The communications coordinator must be prepared to respond to any authorized/approved party at any time throughout the incident. Responsibilities include:

  • Maintain awareness of the incident status throughout the investigation
  • Plan for controlled notifications to internal and external parties, including press releases, letters, website materials or other notifications

Remediating an Incident

 Once a security or privacy incident is contained, the next steps involve measures taken by UTSA to assure the root cause has been addressed.  These steps imply a variety of activities ranging from applying software updates, performing network engineering, modifying workflow, educating employees, or other similar measures. Remediation is complete when the probability of the incident reoccurring is reduced or eliminated.

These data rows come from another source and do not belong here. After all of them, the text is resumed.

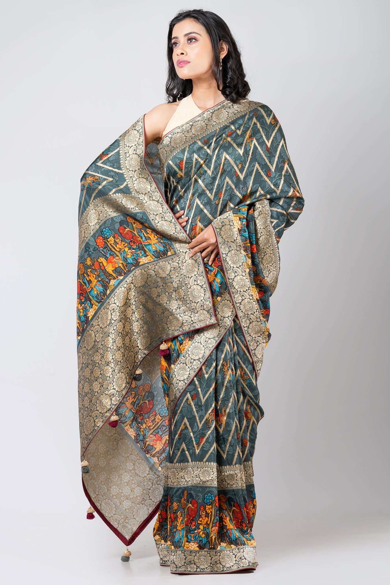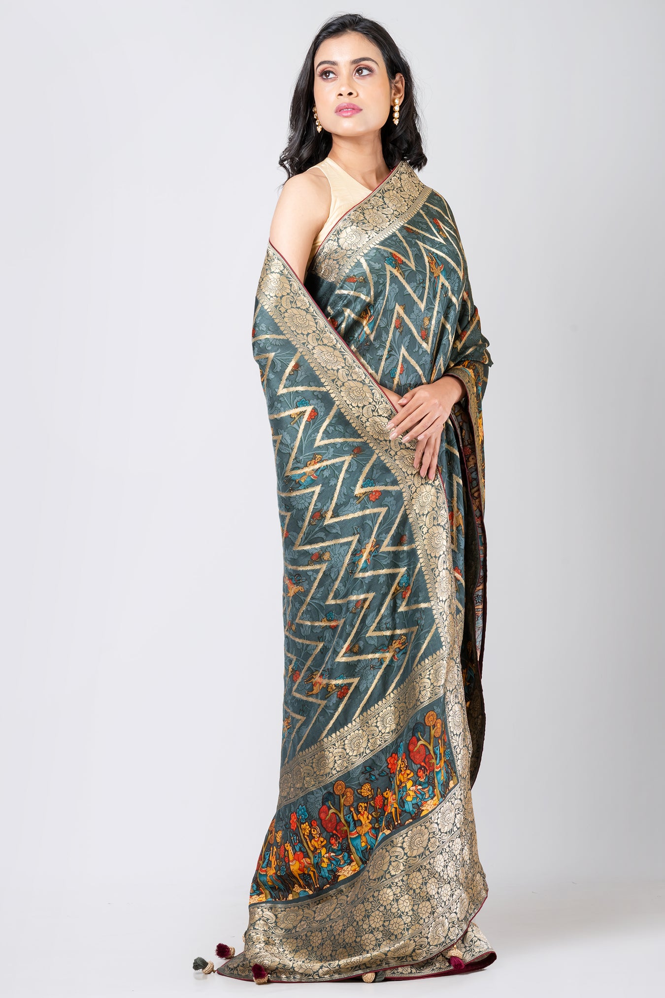 Size: S: 5.50Mtr B: 0.80MtrColour: LIGHT SLATE BLUEFabric: DOLA LEHARIYAPattern and print: The combination of light slate blue color saree, kalamkari border, zari lahria all over work and a heavy jari border really creates a beautiful blend of contemporary and traditional elements in this saree.Silk purity: Pack contains: 1 Saree, 1 BlouseCare instructions: Dry wash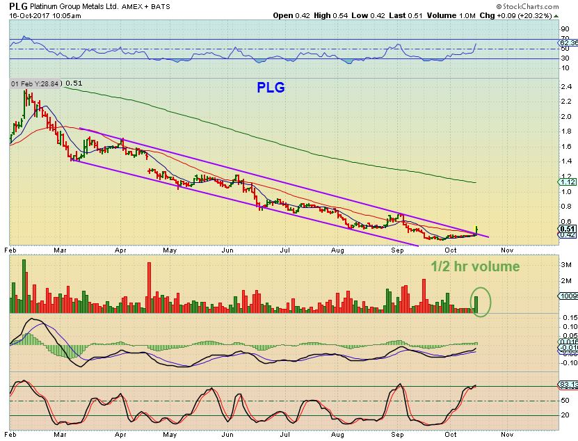 PLG at 10:05 a.m. & up 20% – Maria called this one out in the comments ( Thx Maria), and when I looked at it, Gold & All of the miners were up too. At this point PLG was breaking out with large volume for only 35 minutes of trading. What happened when GOLD & MINERS SOLD OFF into the end of the day?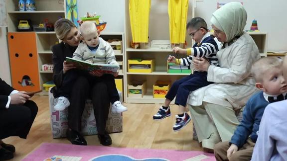 Emine Erdoğan ve Olena Zelenska, daha sonra Ukrayna-Rusya savaşı nedeniyle ülkelerinden ayrılmak zorunda kalan 10'u yetim, 2'si refakatçi personel çocuğu olmak üzere 12 Ukraynalı çocuğun kaldığı Eryaman Çocuk Evleri Sitesini gezerek, Müdür Serap Sağlam Tekneci'den bilgi aldı.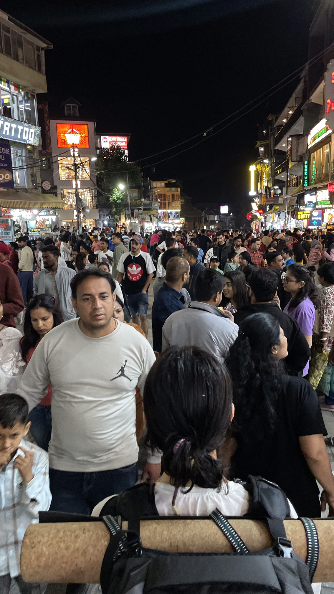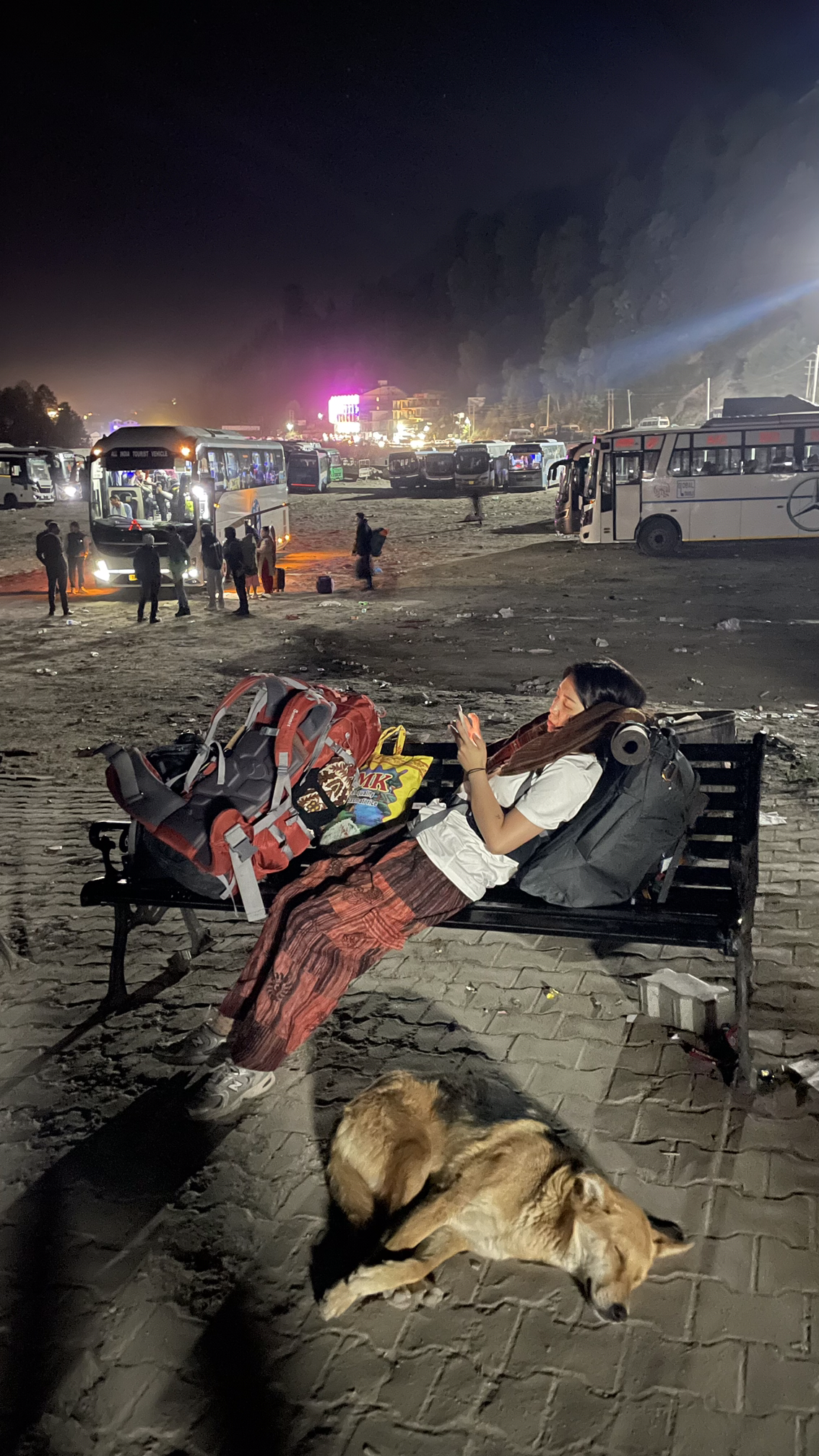 뉴 마날리에 한가운데 위치한 버스정류장은 북쪽의 더 높은 곳으로 가는 버스를 타는 곳이다. 지난주 로땅패스에 갈 때 들렸던 곳으로 관광버스의 느낌이 강한 반면 오늘 우리가 버스를 타는 곳은 저쪽 더 아래 큰 길가에 있는 작은 정류소다. 도보 30분 거리, 뉴마날리는 역시나 사람이 엄청나게 많다. 어찌저찌 길을 뚫고 차도를 지나 정류장에 도착했다.

Maintaining confidentiality

In order to limit exposure and maintain confidentiality about the incident, limited information pertaining to the incident should be disclosed upon initial notification (e.g., type/category of incident, date occurred, reported by, etc.). An informed parties log may be kept to document the degree and reason to which all parties have been informed about the incident. Throughout all communications, the incident responders should be reminded of the confidentiality of the incident and that information must not be shared outside the response team unless warranted.

Incident Report

The initial incident report must be presented and reviewed at the convening of the SPIRT core team. The SPIRT data analysis investigator is responsible for compiling the data elements below as part of the incident response procedures. Appropriate templates are available based on the type of incident.  Below are needed elements in the incident report:

  1. Incident Name
  2. Incident Description
  3. Dates and times
    1. Incident declared
    2.  Incident discovered
    3. Incident occurred
    4. Incident remediated
  4. Assets involved
  5. Data involved
  6. Individuals involved
  7. Individuals affected
  8. Root cause analysis
  9. Containment steps taken
  10. Remediation steps taken
  11. Communications sent and received
  12. Regulatory reports required and sent
  13. Lessons Learned

Closing an Incident

Closing an incident indicates that the incident has been completely contained, remediated, and properly reported. In order to close an incident, all attributes in the incident report must be completed, as defined in Incident Report. Incidents can only be closed by consensus of the SPIRT core team. Upon closure the incident is regarded as resolved.